Today’s NYTimes features an article by a parent decrying the fact that her child’s school, PS 9, has 59.1 percent of its students on free and reduced lunches,  just under the NYC Title I threshold of 60 percent. As a result, PS 9 is losing $360,000 in federal funds and, consequently, losing teachers.

Here’s what the parent doesn’t know (and the article doesn’t point out):

  • The 60% threshold is a NYC standard, NOT a Federal standard
  • There are districts that have NO schools with 60% free and reduced lunch counts that get Title I money
  • Until a few years ago, there were affluent districts with pockets of poor children who received Title I funds— funds that “followed the child”
  • Even WITH the Title I funds to supplement their school, PS 9’s per pupil spending will be well below that of the affluent suburbs that surround NYC.

The Title I funding raises several questions:

  • Should the Federal government be responsible for equalizing education spending or should the State?
  • IF the Federal government is going to play a role in equalizing education spending, shouldn’t it channel money exclusively to only those districts with high poverty levels?
  • IF the Federal government DOES limit Title I funds to the poorest districts, shouldn’t there be a federal standard for a “low income school”?

These questions don’t have easy answers… and because of that we continue to use Title I to “sort of” equalize education spending, to provide Title I funds to districts with poverty levels that are arguably NOT as daunting as those in the urban areas, and to provide Title I funds without strings attached that might change practices in terms of assigning low-income students to schools with middle-class demographics.

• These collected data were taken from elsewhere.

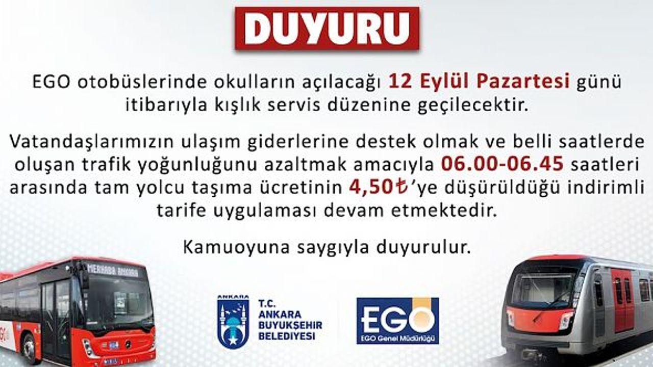 EGO Genel Müdürlüğü toplu taşıma araçlarında, 12 Eylül 2022 Pazartesi günü 2022-2023 eğitim-öğretim yılının başlaması nedeniyle servis planlamasında kışlık program uygulamasına geçiyor.
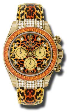 Model: 116598-LPDLPL - CASE = [Material:18kt Yellow Gold], [Case Diameter:40], [Case Thickness:11.2mm], [Bezel:18kt Yellow Gold set with 36 Cognac Baguette Sapph], [Case Back:Solid], [Water Resistant:100 Meters - 330 Feet], [Crystal:Scratch Resistant Sapphire], DIAL = [Color:Leopard Print Diamond], MOVEMENT = [Type:Automatic Self Winding Chronograph], [Crown:Screw Down], BAND = [Clasp:Safety], [Type:Leopard Print Leather], (Usually ships in 1 to 2 weeks.)
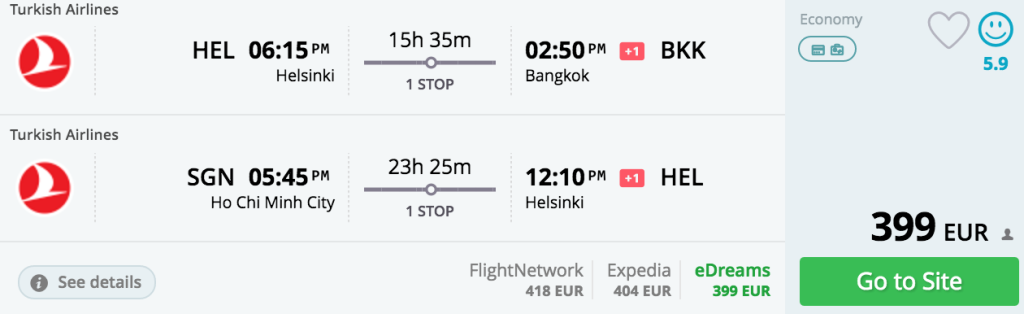 Helsingi-Bangkok//Ho Chi Minh City-Helsingi al. 399€
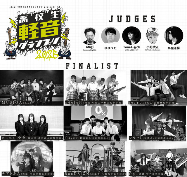 「高校生軽音グランプリ2025」とは、YouTubeの音楽ラジオ番組「atagi×ゆゆうたのおとなりラジオ」が主催となる高校生バンドの全国大会。2025年8月21日に横浜みなとみらいで開催される決勝戦では、動画審査で選ばれた高校生バンドがオリジナル曲を生放送で生演奏。プロのミュージシャンが審査し、高校生No1バンドを決定する。
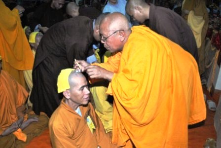 - Trên đầu của những người xuất gia theo đạo Phật thường có những vết sẹo tṛn, đây là vết tích của việc đốt hương cúng dường chư Phật. Trong Phật giáo lễ này c̣n được gọi là “Tấn hương” (đốt hương), “Nhiệt đảnh” (Đốt đầu) hay c̣n gọi là “Đốt Liều”.
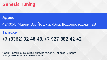 Genesis Tuning по адресу 424004, Марий Эл, Йошкар-Ола, Водопроводная, 28 в дальнейшем Организация, размещена в следующих категориях:

Sadly, this practice isn’t going to change any time soon, in large measure because it isn’t even talked about. If Federal dollars are going to be scarce and if those dollars are being appropriated in a fashion that is intended to leverage change (i.e. Race To The Top), why not allocate Federal dollars to those districts who make an effort to assign low-income students to schools with middle-class demographics. The most perverse result of NYC’s allocation formula is that it effectively rewards the segregation of low income students.